Thursday, December 28, 2023
The Fourth Day of Christmas
Feast of the Holy Innocents, martyrs
(click here to listen to or read today’s scriptures)
Learning to live the life I’ve been given
On the Franciscan website today we read:
The Holy Innocents are few in comparison to the genocide and abortion of our day. But even if there had been only one killed, we recognize the greatest treasure God put on the earth—a human person, destined for eternity, and graced by Jesus’ death and resurrection.
Herod killed all the baby boys in Bethlehem, desperate to find the baby ordained, he thought, to take his throne from him. He had already killed his wife, his brother, and his sister’s two husband. Herod was visibly brutal and bloodthirsty.
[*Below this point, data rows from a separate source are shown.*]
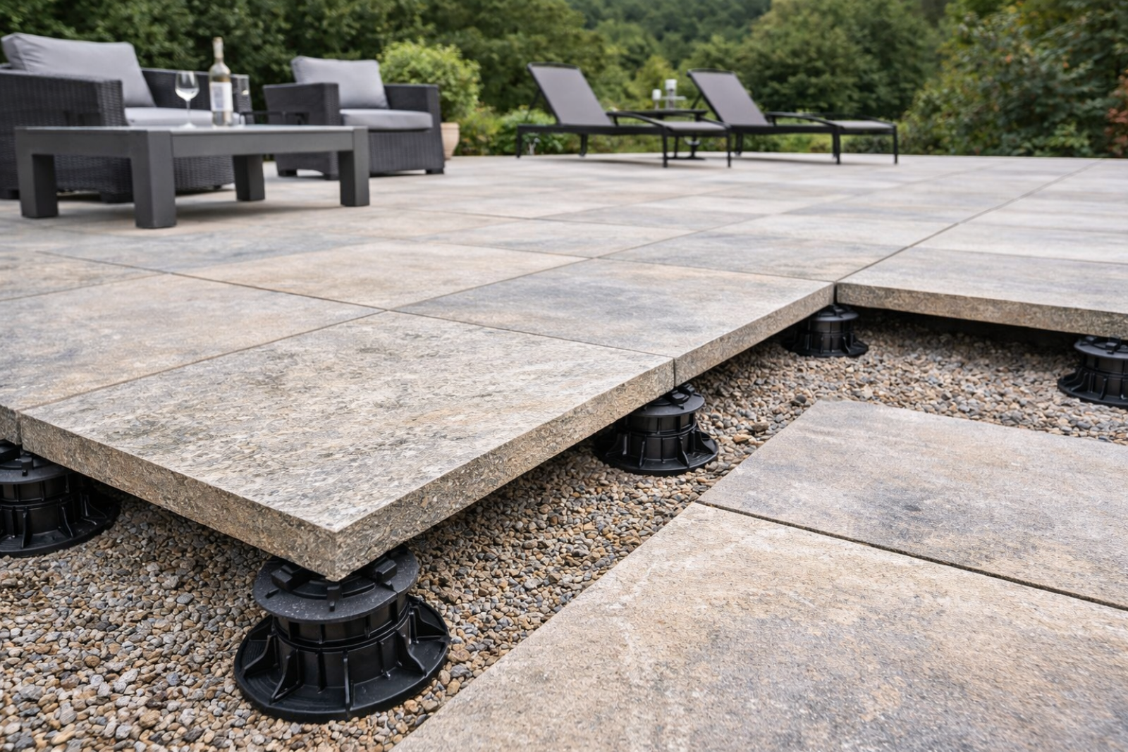 Dans le cas d’un dallage en pierre naturelle posé sur plots, les contraintes sont plus importantes qu’en pose collée ou scellée. La dalle doit être autoportante et capable de supporter les charges sans risque de casse ou de flexion.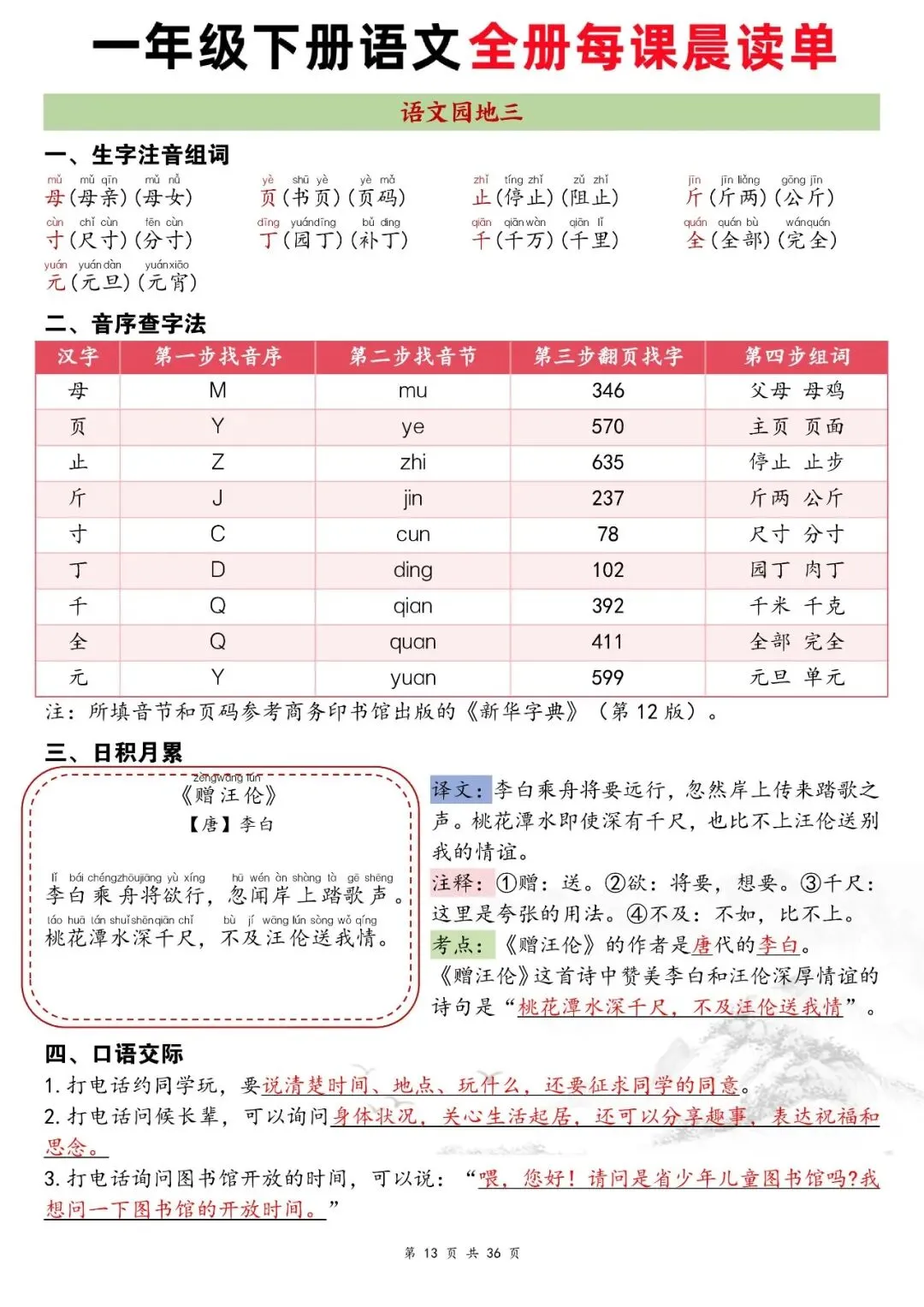 大家好,这里是淘学学资料库,这份资料是【一年级下册语文全册每课晨读单】,完整 pdf 电子版共 36 页,家长可打印出来让小朋友练习,公众号底部菜单查看完整 pdf 获取方式。
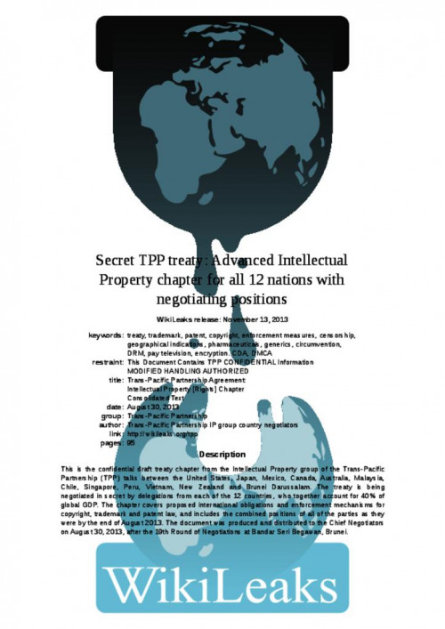 The twelve nations that negotiated the TPP were the U.S., Japan, Australia, Peru, Malaysia, Vietnam, New Zealand, Chile, Singapore, Canada, Mexico, and Brunei Darussalam. The TPP contained a chapter on intellectual property covering copyright, trademarks, and patents. The official release of the final TPP text confirmed what we had long feared: that U.S. negotiators pushed for the adoption of copyright measures far more restrictive than currently required by international treaties, including the controversial Anti-Counterfeiting Trade Agreement (ACTA).

We are quieter about it, when it comes to genocide and abortion., mostly silent, complicit in our turning away and finding other things to look at. There are plenty of other topics to discuss, and often there are “sides” to arguments about who is at fault for the blood that flows.
I think about my mother and my aunt, women born in the 1920’s. Aunt Mary did not marry, or have babies, but she paid close attention to her sister, my mother, who had three of us in the 1950’s. I was born in 1949, Mary Kay in 1952 and John in 1956. We all lived in the yellow submarine of central Illinois, protected by thousands of miles from threats more obvious on the American coasts. Eugene McCarthy did his best to alert Americans to the dangers of communism and infiltrators in the government, in the media, in … anywhere and everywhere.
But by the time John was born, McCarthyism no longer carried much punch. There seemed to be little to fear in central Illinois. Neither genocide nor abortion got much attention, though each day many people somewhere were being killed. The town of Lincoln never seemed in danger of becoming a bloodbath like Bethlehem.
God is light, and in him there is no darkness at all. If we say, “We have fellowship with him,” while we continue to walk in darkness, we lie and do not act in truth. But if we walk in the light as he is in the light, then we have fellowship with one another, and the Blood of his Son Jesus cleanses us from all sin.
German-Lutheran kids like me grew up with a measure of false guilt, inherited from their parents, who inherited it from their parents. They also grew up with a measure of self-righteousness, I think, and maybe there’s even more of that than the false guilt. I know personally I have lived with both, more of less, all my life and of course, passed it on to our three kids.
So I feel guilty for having been protected from so much of the awfulness of the world. And I feel self-righteous too, assuming that everyone else has been protected as well, forgetting that of course they have not. Babies might be killed before they’re born, or born into war zones, or like the baby boys of Bethlehem, slaughtered without justice.
If we say, “We are without sin,” we deceive ourselves, and the truth is not in us. If we acknowledge our sins, he is faithful and just and will forgive our sins and cleanse us from every wrongdoing. If we say, “We have not sinned,” we make him a liar, and his word is not in us.
Some baby boys in Bethlehem escaped the sword. Jesus himself was carried out of the village at night to Egypt, where he lived with his family until an angel told his parents it was safe to return to Israel. The baby girls were not touched. Should their parents feel guilty, or self-righteous, or anything other than compassion? Of course not. We cannot control things like we want, and it’s not our fault.
Mostly not our fault. I can’t quite get away from the old German immigrant feeling. Surely it must have been me!
My children, I am writing this to you so that you may not commit sin. But if anyone does sin, we have an Advocate with the Father, Jesus Christ the righteous one. He is expiation for our sins, and not for our sins only but for those of the whole world.
God pleads with us! Take off your scrupulosity capes and be my created children. Let me run the show. I will show you what to do and what to say, and it will be important in making life better on earth rather than worse. But always, remember that I am God and you are not. Do not be afraid. For I have overcome the world.
My soul has been rescued like a bird from the fowler’s snare.